Avenida de la Constitución, 1-2-4
14550, Montilla (Córdoba)
El plazo de presentación de escritos finalizará el día 1 de julio de 2017. 

• Jurado.
El jurado, integrado por dos miembros de la Asociación organizadora y tres personas de reconocida solvencia en el campo de la crítica literaria, de la temática del concurso o miembros de alguna de las entidades colaboradoras, elegirá los trabajos finalistas, pudiendo estimar, en su caso, si la calidad de los trabajos recibidos no es la adecuada o no se adaptan a estas bases, declarar desiertos los premios.
Los premios serán entregados en un acto público que se anunciará con la debida antelación.

Varios.
Los autores, galardonados o no, facultan a la Asociación Cultural «El Coloquio de los Perros» para la publicación de los trabajos, haciendo constar en cualquier caso la autoría y procedencia de los mismos.
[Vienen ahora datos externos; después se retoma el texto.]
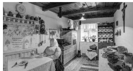
Muzeum obce Kobylí vás ochotně nechá nahlédnout až do kuchyně!

Los trabajos no serán devueltos a sus autores. La participación en esta convocatoria implica la aceptación total de las decisiones de los miembros del jurado.
El jurado se atendrá en sus deliberaciones a las presentes bases y resolverá cualquier duda que pueda surgir durante el desarrollo del concurso. 

• Premios.
El Concurso estará dotado de un Primer Premio valorado en 400 euros, un Accésit de 100 euros, así como la publicación de los trabajos premiados.
Estos premios están sujetos a las retenciones tributarias legalmente establecidas.


2. BASES CONCURSO DE FOTOGRAFÍA
• Modalidad y tema.
Fotografías digitales, en color o blanco y negro, que tengan alguna relación con la temática «Bares». Se valorarán la originalidad y singularidad de los trabajos recibidos. 

• Participantes.
Podrán concurrir a esta convocatoria fotógrafos sin límite de edad, de cualquier nacionalidad, con imágenes originales no premiadas ni publicadas en otros certámenes hasta un máximo de 4. Los autores que presenten más de una obra deberán cumplir de forma independiente y separada para cada uno de sus trabajos las formalidades que estas bases establecen. No podrán participar los miembros de la directiva de la asociación organizadora ni los miembros del jurado. 

• Extensión.
Las imágenes deberán presentarse en formato jpg, con resolución de 300 ppp y tamaño mínimo de 1 MB. 

• Presentación.
Las fotografías se remitirán por correo electrónico a la siguiente dirección:
Cada fotografía irá en un correo electrónico individual en cuyo asunto aparecerá: Concurso «El coloquio de los perros». En el correo se indicarán: nombre y apellidos del autor, dirección, teléfono y se adjuntará el DNI escaneado. Además, se acompañará del título de la foto, un breve pie de foto, fecha y lugar de realización de la misma.
El plazo de presentación de imágenes finalizará el día 1 de julio de 2017. 

• Jurado.
El jurado estará integrado por una selección de miembros de la Asociación organizadora y de las entidades colaboradoras que elegirán los trabajos finalistas. En su caso, si el jurado estima que la calidad de los trabajos recibidos no es la adecuada o no se adaptan a estas bases, puede declarar desiertos los premios.
Los premios serán entregados en un acto público que se anunciará con la debida antelación. 

• Varios.
Los autores, galardonados o no, facultan a la Asociación Cultural «El Coloquio de los Perros» para la publicación de los trabajos, haciendo constar en cualquier caso la autoría y procedencia de los mismos. La participación en esta convocatoria implica la aceptación total de las decisiones de los miembros del jurado. El jurado se atendrá en sus deliberaciones a las presentes bases y resolverá cualquier duda que pueda surgir durante el desarrollo del concurso. 

• Premios.
El Concurso estará dotado de un Primer Premio valorado en 200 euros y la publicación de la obra conjuntamente con los relatos galardonados en el concurso de relato corto. Este premio está sujeto a las retenciones tributarias legalmente establecidas.